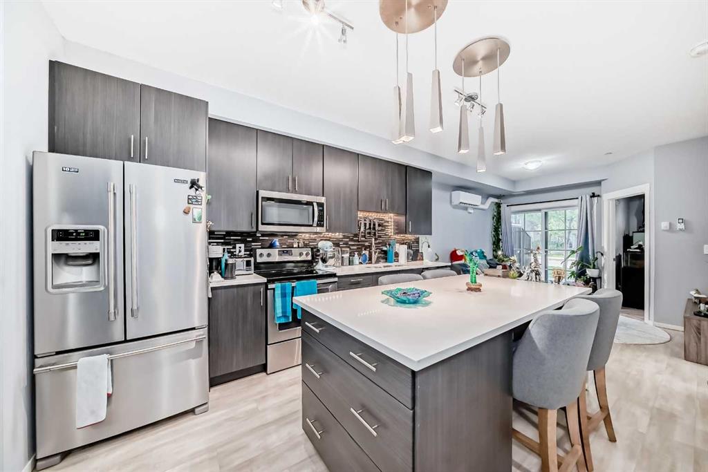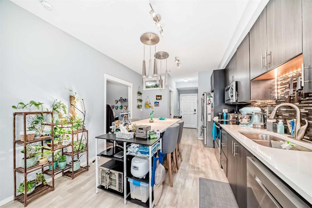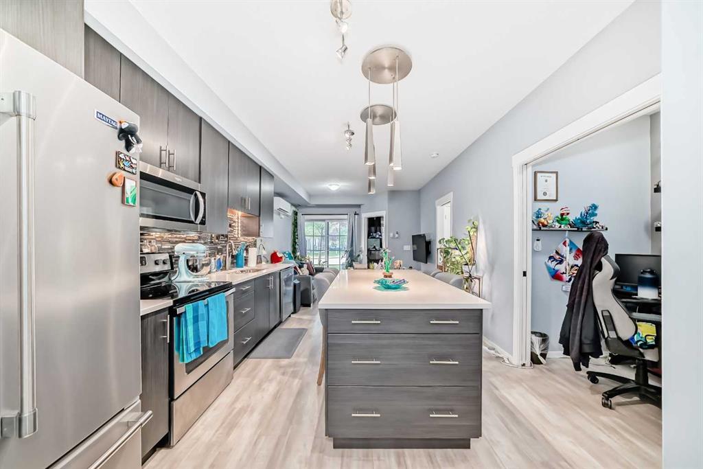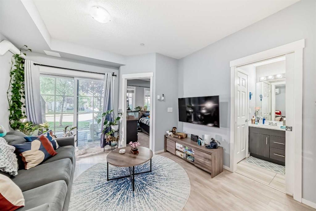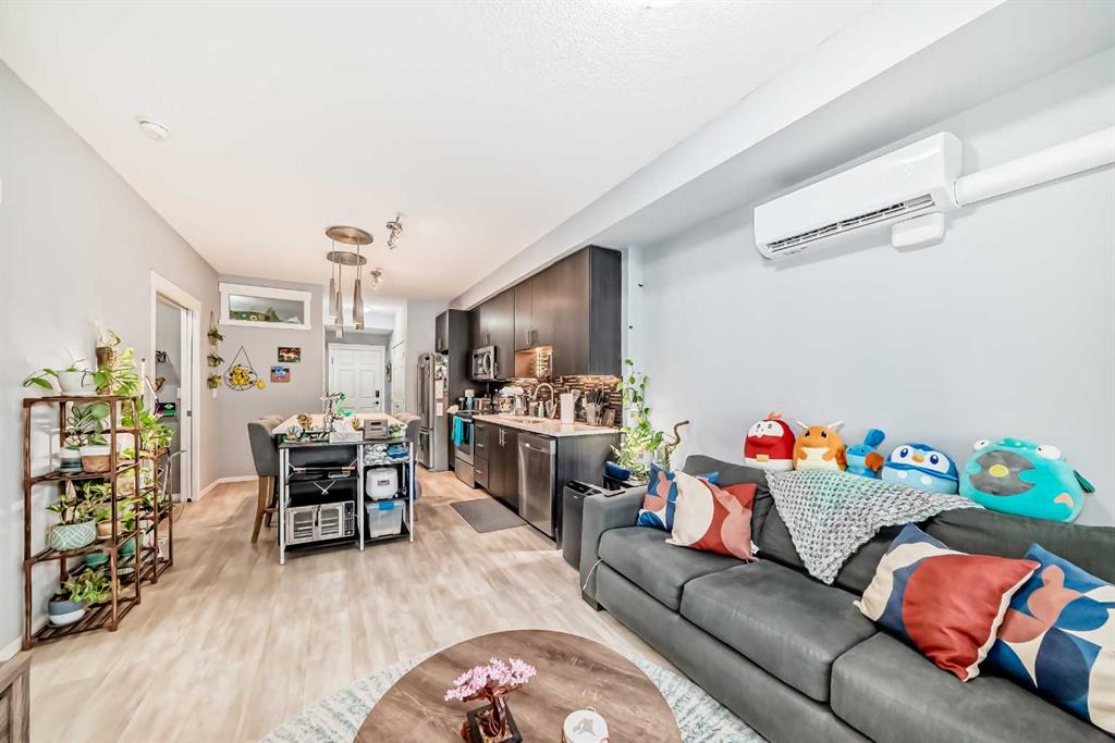 Beautiful 2 bed + den, 1 bath main floor condo in one of Calgary’s most sought-after communities—Legacy. This well-designed home features an open floor plan with bright white quartz countertops that gleam, rich modern cabinetry, and a functional layout perfect for both everyday living and entertaining.
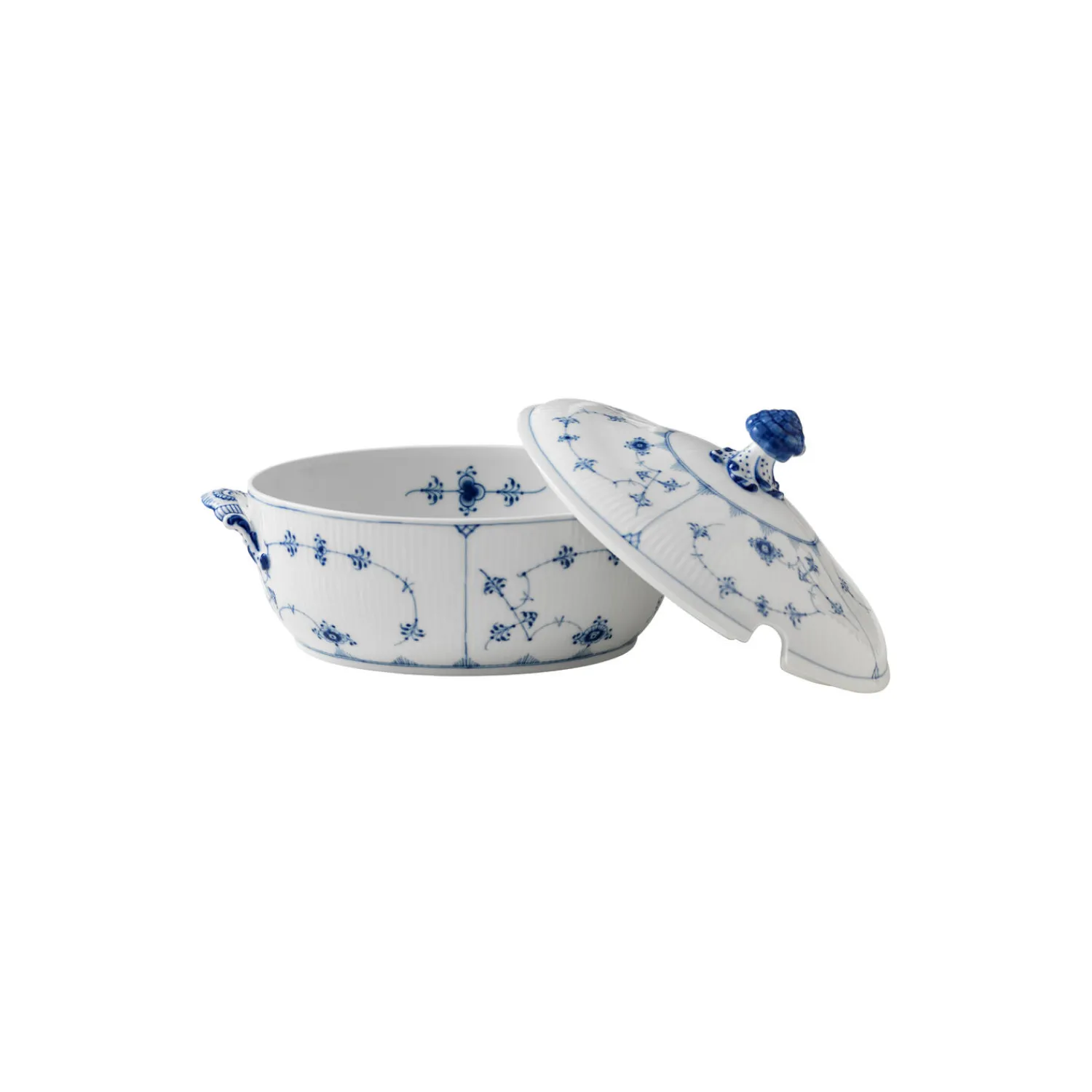 Musselmalet Riflet terrin med låg i porcelæn fra Royal Copenhagen. Den eksklusive terrin i Musselmalet Riflet er et magisk, dekorativt element i ethvert hjem. Suppeterrinen indeholder op til 2 liter, og er smukt dekoreret i det klassiske, blå mønster med særligt fine detaljer på håndtagene.
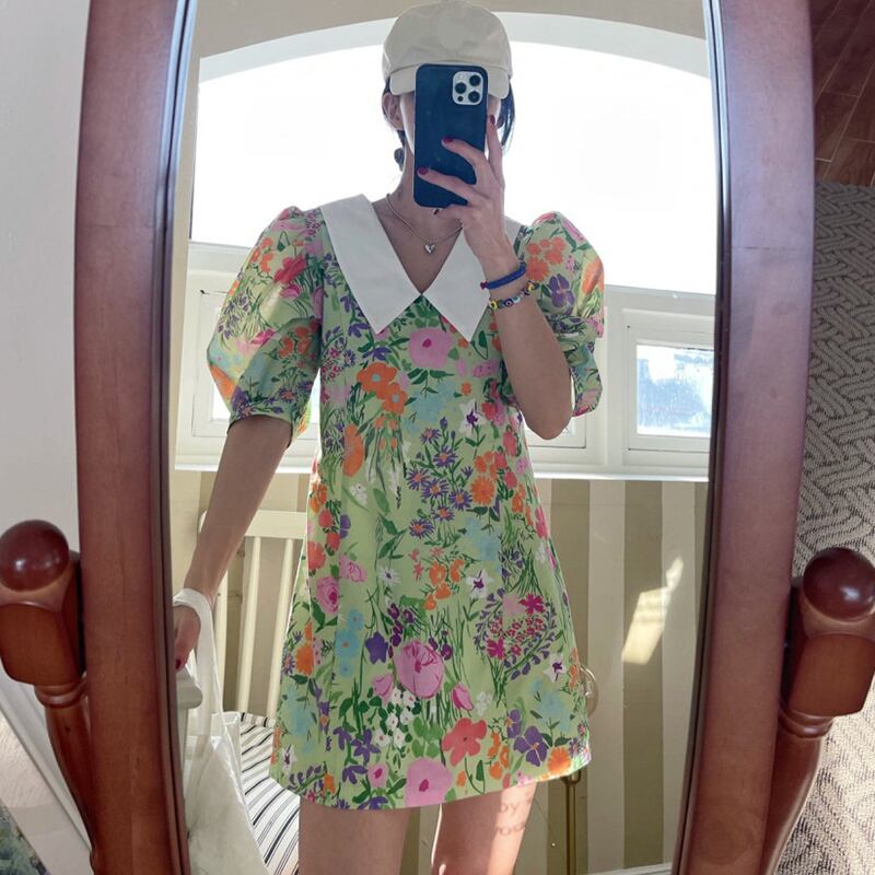 サマーカラーFlowerデザイン ウェスト薄手スリーブドレス 夏物 フラワーデザイン 7/20 mi468003370099
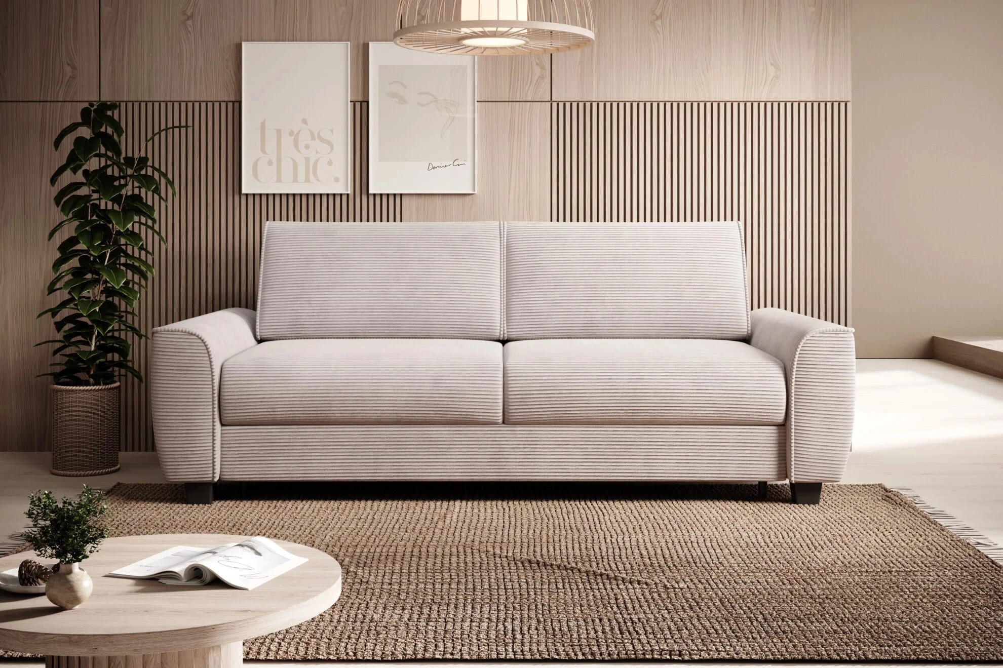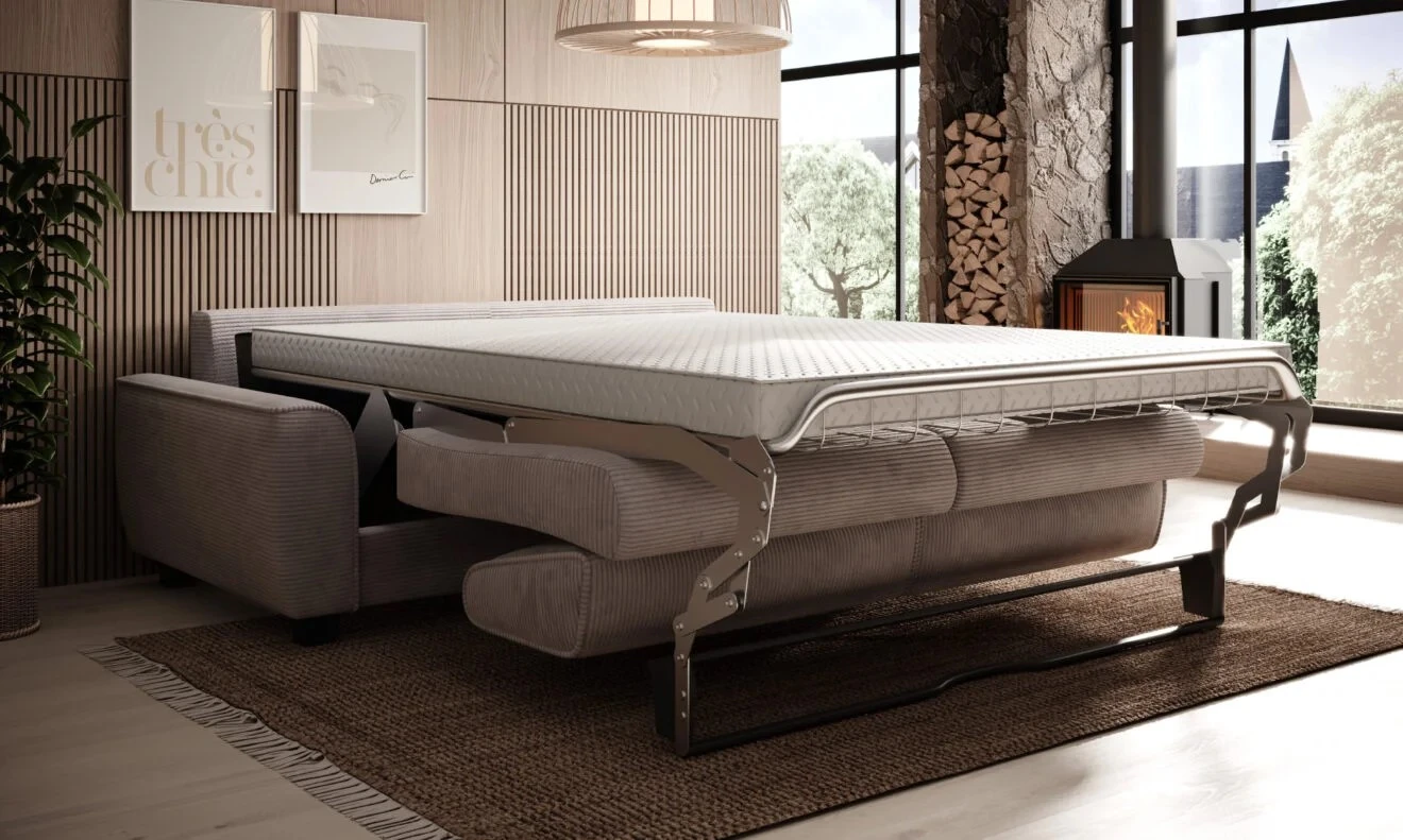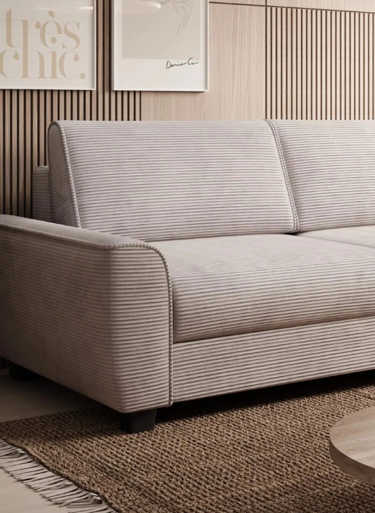 Tento model je vybaven rozkládacím mechanismem RAPIDO, který během několika vteřin vytvoří plnohodnotnou spací plochu o rozměru 140 × 190 cm – ideální pro každodenní využití. Matrace z Komfortschaum pěny zajistí ergonomickou oporu při spánku, zatímco kombinace SOFT LUX pěny a pružin faliste v sedáku přináší komfortní a stabilní sezení. Konstrukce z borovicového dřeva a MDF desek zaručuje pevnost a dlouhou životnost. Kovové nožky v černém provedení pak podtrhují elegantní vzhled celé pohovky.
○ ○ ○ ○
TASK ITEM:
Reproduce the data word for word; no pictures.

ANSWER FOR THIS EXERCISE:
 Beautiful 2 bed + den, 1 bath main floor condo in one of Calgary’s most sought-after communities—Legacy. This well-designed home features an open floor plan with bright white quartz countertops that gleam, rich modern cabinetry, and a functional layout perfect for both everyday living and entertaining.
 Musselmalet Riflet terrin med låg i porcelæn fra Royal Copenhagen. Den eksklusive terrin i Musselmalet Riflet er et magisk, dekorativt element i ethvert hjem. Suppeterrinen indeholder op til 2 liter, og er smukt dekoreret i det klassiske, blå mønster med særligt fine detaljer på håndtagene.
 サマーカラーFlowerデザイン ウェスト薄手スリーブドレス 夏物 フラワーデザイン 7/20 mi468003370099
 Tento model je vybaven rozkládacím mechanismem RAPIDO, který během několika vteřin vytvoří plnohodnotnou spací plochu o rozměru 140 × 190 cm – ideální pro každodenní využití. Matrace z Komfortschaum pěny zajistí ergonomickou oporu při spánku, zatímco kombinace SOFT LUX pěny a pružin faliste v sedáku přináší komfortní a stabilní sezení. Konstrukce z borovicového dřeva a MDF desek zaručuje pevnost a dlouhou životnost. Kovové nožky v černém provedení pak podtrhují elegantní vzhled celé pohovky.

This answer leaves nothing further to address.